Biographical history

Sir James Douglas (1803-1877) was an HBC Officer and the Governor of the Colony of Vancouver Island and of the Colony of British Columbia.

James Douglas was born in British Guyana in 1803 to a woman of mixed European and African ancestry and a Scottish merchant named John Douglas. Along with the birth of James, John Douglas and James’ mother would have two other children, Alexander and Cecilia. John Douglas started a second family with Jessie Hamilton whom he married in Glasgow in 1809.

At a young age, James Douglas attended a preparatory school in Scotland. When he was 16, Douglas and his brother were hired by the North West Company and eventually found themselves at Fort William in 1819. When the North West Company and the Hudson’s Bay Company merged in 1821, Douglas managed to enter the HBC’s employ as a second clerk.

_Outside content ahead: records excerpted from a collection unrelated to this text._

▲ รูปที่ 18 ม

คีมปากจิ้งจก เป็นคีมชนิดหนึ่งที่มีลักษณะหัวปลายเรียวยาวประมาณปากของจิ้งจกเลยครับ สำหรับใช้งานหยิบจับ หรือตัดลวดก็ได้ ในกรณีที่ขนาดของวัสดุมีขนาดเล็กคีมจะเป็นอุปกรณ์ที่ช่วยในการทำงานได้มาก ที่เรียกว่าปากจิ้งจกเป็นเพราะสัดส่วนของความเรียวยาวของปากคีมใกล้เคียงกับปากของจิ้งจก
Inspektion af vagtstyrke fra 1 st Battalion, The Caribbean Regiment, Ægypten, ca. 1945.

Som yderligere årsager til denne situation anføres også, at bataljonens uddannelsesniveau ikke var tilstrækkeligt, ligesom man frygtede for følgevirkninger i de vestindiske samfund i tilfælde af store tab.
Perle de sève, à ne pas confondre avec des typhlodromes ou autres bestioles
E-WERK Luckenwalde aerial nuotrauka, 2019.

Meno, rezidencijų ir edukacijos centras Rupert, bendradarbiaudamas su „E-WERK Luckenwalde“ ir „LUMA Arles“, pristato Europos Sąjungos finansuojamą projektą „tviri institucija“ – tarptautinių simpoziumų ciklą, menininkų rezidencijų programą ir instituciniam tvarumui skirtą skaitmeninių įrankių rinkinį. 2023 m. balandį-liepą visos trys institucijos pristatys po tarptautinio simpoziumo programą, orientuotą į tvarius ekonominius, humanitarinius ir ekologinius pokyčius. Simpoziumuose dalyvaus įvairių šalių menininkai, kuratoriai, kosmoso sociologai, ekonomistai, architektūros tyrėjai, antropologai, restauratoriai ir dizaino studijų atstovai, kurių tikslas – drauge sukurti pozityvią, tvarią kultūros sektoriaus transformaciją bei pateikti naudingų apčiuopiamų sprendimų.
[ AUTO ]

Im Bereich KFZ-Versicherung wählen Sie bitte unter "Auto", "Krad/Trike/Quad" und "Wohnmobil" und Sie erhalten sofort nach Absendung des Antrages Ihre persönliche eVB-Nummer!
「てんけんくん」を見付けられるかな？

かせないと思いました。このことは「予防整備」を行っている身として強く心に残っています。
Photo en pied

In 1825, Douglas took charge of Fort Vermilion in Peace River for the summer, and crossed the Rockies in 1826 to bring supplies to New Caledonia from Fort Vancouver. Douglas worked around the area until he was asked to establish Fort Connolly on Bear Lake for the HBC.

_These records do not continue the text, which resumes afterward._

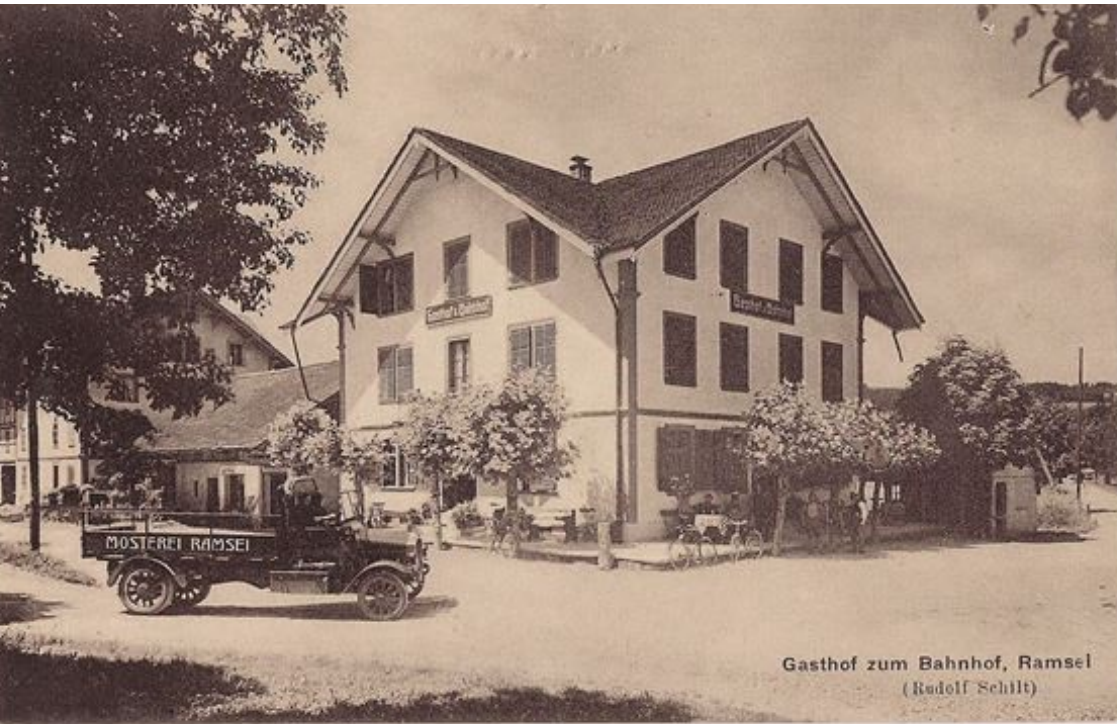
Gasthof zum Bahnhof, Ramsei (Rodolf Schilt)
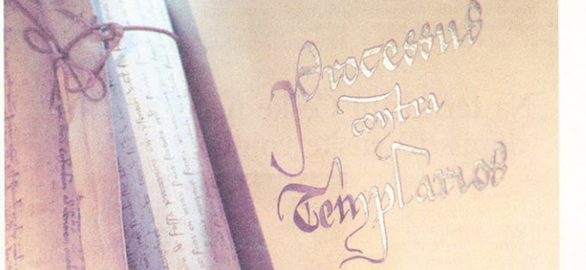
Replika dokumenta pape Klementa V. o templarima iz 1301. koji je otkriven 2001. a objavljen 9. listopada u Vatikanu
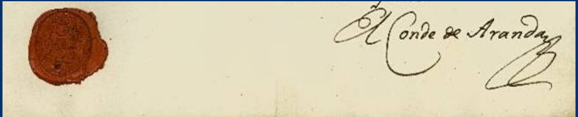
Sello heráldico y firma del conde de Aranda en un documento privado

En la documentación de la Real Audiencia de Aragón hay muchos expedientes sobre las epidemias que asolaron a los aragoneses del antiguo reino y las medidas que se fueron tomando por las autoridades locales, los alcaldes y el gobierno central, desde Madrid.

In 1828 Douglas married Amelia Connolly, the daughter of William Connolly and a Cree woman. In 1830, he became an accountant under John McLoughlin at Fort Vancouver and for nine years Douglas steadily worked and gained the trust of his colleagues. After several smaller job advancements, Douglas was promoted by the HBC to Chief Factor in 1839. In 1842 he received instructions to establish a fort at the south of Vancouver Island and in 1843 he started the construction of Fort Victoria.

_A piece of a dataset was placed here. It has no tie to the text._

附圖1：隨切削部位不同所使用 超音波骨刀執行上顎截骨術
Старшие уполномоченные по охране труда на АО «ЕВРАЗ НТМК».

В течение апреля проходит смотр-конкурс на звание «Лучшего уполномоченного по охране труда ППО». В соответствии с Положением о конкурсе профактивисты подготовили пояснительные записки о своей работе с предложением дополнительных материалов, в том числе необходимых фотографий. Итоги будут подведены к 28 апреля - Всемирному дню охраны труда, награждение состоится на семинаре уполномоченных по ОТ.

When the Oregon Treaty was signed in 1846, and the 49th parallel border was further extended from the Rocky Mountains to reach the west coast, Douglas knew that Britain needed to make a bigger claim on the land north of the 49th parallel. To do this, Douglas started a new brigade trail on British territory along the lower Fraser River to further establish control over the area and Britain set finances for the Colony of Vancouver Island to be established.

Douglas was expected to be Governor of the Colony of Vancouver Island but he was overlooked for Richard Blanshard. As it turned out, Blanshard only lasted as governor from 1849 – 1851; Douglas took over when Blanshard stepped down and held the position until 1864. As governor, Douglas oversaw and directed a lot of the growth of the west coast. Towns, roads, business, and communities were being built to establish a larger British colony. Douglas advised people to embrace the end of fur trading and encouraged farming, fishing, and coal mining instead.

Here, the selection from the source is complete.